Community Data
Patient-Reported Sources
15,600 anonymized reports gathered from publicly accessible patient communities. No personal data is stored or linked to individuals.
Reddit — r/UlcerativeColitis
Online Community
The largest English-language UC patient community on Reddit. Posts and comments filtered for symptom mentions, medication discussions, and food experiences. Usernames stripped on ingestion.
IBD Forums & Communities
Dedicated IBD Platforms
Structured patient forums dedicated to Crohn's disease and ulcerative colitis, including community threads focused on treatment experiences and quality-of-life topics.
Patient Registries
Structured Registries
Publicly available aggregated registry data from IBD patient advocacy organizations. Used for demographic and prevalence cross-validation against community reports.
Scientific Literature
Research Databases
20,000+ peer-reviewed abstracts and full-text papers indexed from the world's leading biomedical literature databases.
PubMed / MEDLINE
Primary Scientific Source
The National Library of Medicine's database of biomedical literature. All scientific content in UCInsights is sourced exclusively from PubMed. Abstracts fetched via the Entrez API.
Google News RSS — UC Feed
Live Research News
Real-time UC and IBD research news aggregated from Google News via RSS. Powers the live research news feed in the app. Updated continuously; notifications triggered for new clinical findings.
Clinical Trial Data (ClinicalTrials.gov)
Trial Registry
Referenced for ongoing and completed UC clinical trials. Used to contextualize medication data and identify emerging therapies discussed in the community before PubMed publication.
Dataset Summary
Source
Volume
Type
Update cycle
Reddit r/UlcerativeColitis
9,200+
Community reports
Quarterly
IBD Forums
4,100+
Community reports
Quarterly
Patient Registries
2,300+
Structured registry
Annually
PubMed / MEDLINE
20,000+
Scientific abstracts
Monthly
Google News RSS
Live
News articles
Real-time
Personal tracker (on-device)
User data
Health logs
Real-time
AI & Technology
Tools Used for Analysis
The AI and computational tools applied to transform raw data into platform insights.
Claude AI (Anthropic)
Primary analysis engine
Used for sentiment analysis, natural language understanding, co-occurrence detection, and synthesis of patient reports with scientific literature. Also powers the in-app AI search and community assistant.

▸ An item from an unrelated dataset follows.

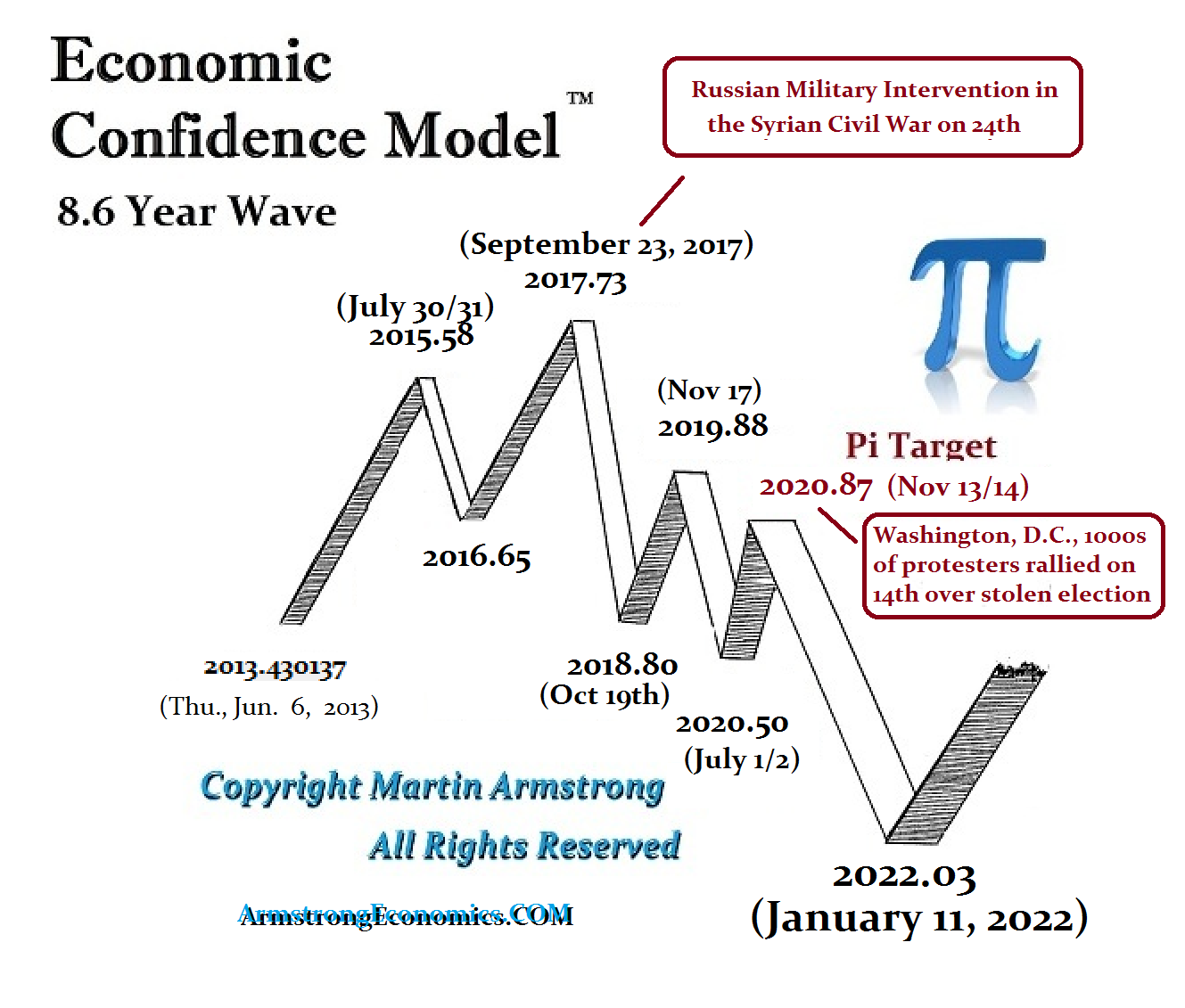 Doch es gibt noch etwas anderes, das von enormer Bedeutung ist. Sokrates war bei den langfristigen Trends und Ereignissen praktisch unfehlbar. Ich habe verstanden, dass es so viele mögliche Variationen in den täglichen Trends gibt, aber das ändert nichts an den langfristigen Trends. Sie hat die Finanzpanik im Jahr 2008 10 Jahre im Voraus vorhergesagt. Wie können sich so viele Ereignisse bis zum Tag des Economic Confidence Model entfalten? Ich kann nur sagen, dass diese Ereignisse, die nichts mit meiner persönlichen Meinung zu tun haben, bestätigen, dass es eine verborgene Ordnung der Komplexität gibt, die das bloße menschliche Auge unmöglich sehen kann. Es gibt einfach viel zu viele Ereignisse, die sich genau am Tag eines Ziels abspielen, als dass es sich um einen Zufall handeln könnte. Es gibt eine viel größere Ordnung, die existiert, und die Leute werden diese Vorhersagen verunglimpfen, weil sie denken, dass sie nur deshalb funktionieren, weil wir einen riesigen Kundenstamm haben. Hinter all dem steckt einfach mehr als die menschliche Meinung.

Statistical Analysis (Python)
Correlation & prevalence
Pearson correlation matrices, confidence interval calculation, Laplace-smoothed food safety scores, and minimum-threshold filtering implemented in Python (scipy, pandas, numpy).
PubMed Entrez API
Literature retrieval
NCBI's Entrez API used to fetch abstracts, MeSH terms, and metadata for all scientific papers. Queries scoped to Ulcerative Colitis MeSH headings to ensure relevance.
NER Pipeline
Anonymization & entity extraction
Named-entity recognition used to strip identifying information from community posts before ingestion, and to extract symptom names, medication names, and food mentions for structured tagging.

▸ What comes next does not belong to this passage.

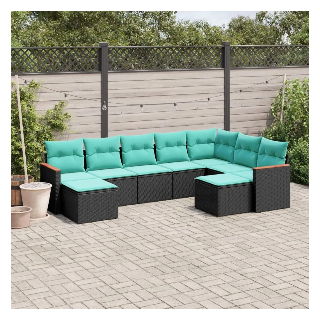 Cet ensemble de canapés de jardin est le complément parfait de votre arrière-cour, terrasse ou patio, offrant un espace confortable et accueillant pour discuter avec la famille et les amis ou simplement se détendre et profiter de l'extérieur. Matériau durable : la résine tressée, également connue sous le nom de poly rotin, est un matériau synthétique solide et nécessitant peu d'entretien qui ressemble au rotin naturel. Elle est légère, facile à nettoyer et couramment utilisée pour les meubles d'extérieur en raison de sa durabilité et de ses propriétés de résistance aux intempéries.Housse amovible et lavable : ces coussins de siège sont dotés de housses amovibles pour un lavage et un entretien faciles.Cadre robuste et stable : le cadre en acier enduit de poudre assure la solidité et la stabilité du meuble de jardin pour une utilisation quotidienne à l'extérieur.Conception modulaire : cet ensemble de meubles d'extérieur a une conception modulaire, ce qui le rend complètement flexible et facile à déplacer, afin que vous puissiez créer un agencement de meubles d'extérieur personnalisé. Bon à savoir :Pour que vos meubles d'extérieur restent beaux, nous vous recommandons de les protéger avec une housse imperméable.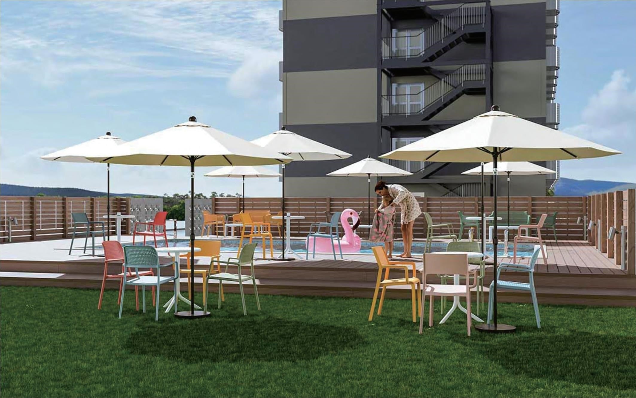 本ホテルは2024年1月まで運営していたビジネスホテルを閉業し、既存設備を活用しながら客室レイアウトの変更、ロビー・レストランエリアの改修、敷地内にプールやキッズエリア(芝生)増設等を行い、リゾート滞在型の宿泊施設にリニューアルすることでファミリーなどのレジャー需要を呼び込む新しい施設にリブランドいたします。

Data ethics: UCInsights does not collect, store, or sell any personally identifiable information. Community data is sourced exclusively from publicly accessible posts in compliance with each platform's terms of service. Personal health data logged in the app remains on your device unless you explicitly choose to share it. We do not use personal tracker data to train models.